The three suspects were employed at the Salvadoran health ministry, Attorney General Raul Melara told a press conference on Wednesday.

Diego Alvarado Peña, an agent of the ministry, Hector Castaneda, a driver, and Roberto Carlos Coto, a security guard, were charged with “aggravated homicide and attempted homicide”, he said. Only Mr. Alavardo Peña could not appear, being hospitalized after being wounded by bullets.

The two victims of the attack, FMLN activists, were found with their bodies riddled with bullets as they drove the campaign trailer for the February 28 poll.

“Whatever their political sympathy, it is two Salvadorans who died on Sunday and we should all be dismayed,” said the prosecutor, adding that the US federal police, the FBI, had offered to help “contribute” to the investigation.

After the violence, the Supreme Electoral Court of El Salvador asked the UN, the European Union (EU) and the Organization of American States (OAS) on Tuesday to send their observers earlier than scheduled for the poll.

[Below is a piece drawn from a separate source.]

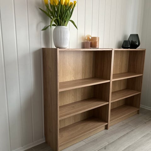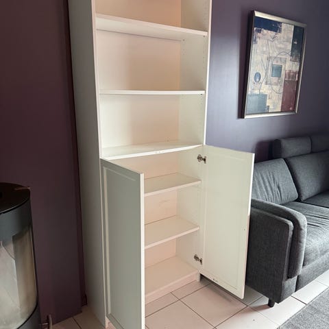 2 x 80 cm Billy bokhyller med skapdører til nedre halvdel.

Some 5.4 million Salvadorians are called to elect the 84 deputies of the unicameral congress and the 262 mayors of the country and their municipal councils.

A dozen parties are participating in this election, including the Nuevas Ideas (New Ideas, NI) party, led by President Bukele, in the polls.

The president had decided in mid-January to put an end to the commemorations of the peace agreements that ended the civil war that had ravaged El Salvador for 12 years, establishing in their place a day of victims.